*TASK OBJECTIVE*
From the material below, return exactly the lines starting at the one that holds "Japan saw the" and ending at the one that holds "Markante Fanfaren und". Pictures stay out of the answer.

*RECORDS SHOWN*

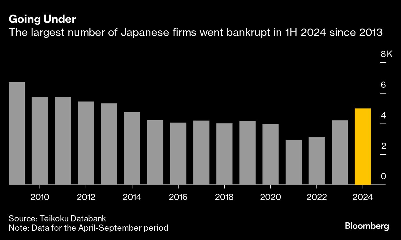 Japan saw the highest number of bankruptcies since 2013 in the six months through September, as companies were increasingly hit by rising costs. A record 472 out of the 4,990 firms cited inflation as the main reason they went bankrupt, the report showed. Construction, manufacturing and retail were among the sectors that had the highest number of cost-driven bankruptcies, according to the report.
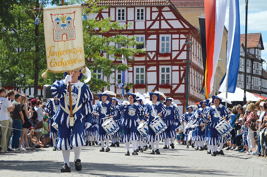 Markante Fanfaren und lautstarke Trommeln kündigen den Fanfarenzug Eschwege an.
---
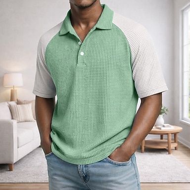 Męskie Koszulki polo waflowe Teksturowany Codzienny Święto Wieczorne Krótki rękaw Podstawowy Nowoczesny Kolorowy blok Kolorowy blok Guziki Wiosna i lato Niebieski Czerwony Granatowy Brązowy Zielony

*ANSWER SECTION*
 Japan saw the highest number of bankruptcies since 2013 in the six months through September, as companies were increasingly hit by rising costs. A record 472 out of the 4,990 firms cited inflation as the main reason they went bankrupt, the report showed. Construction, manufacturing and retail were among the sectors that had the highest number of cost-driven bankruptcies, according to the report.
 Markante Fanfaren und lautstarke Trommeln kündigen den Fanfarenzug Eschwege an.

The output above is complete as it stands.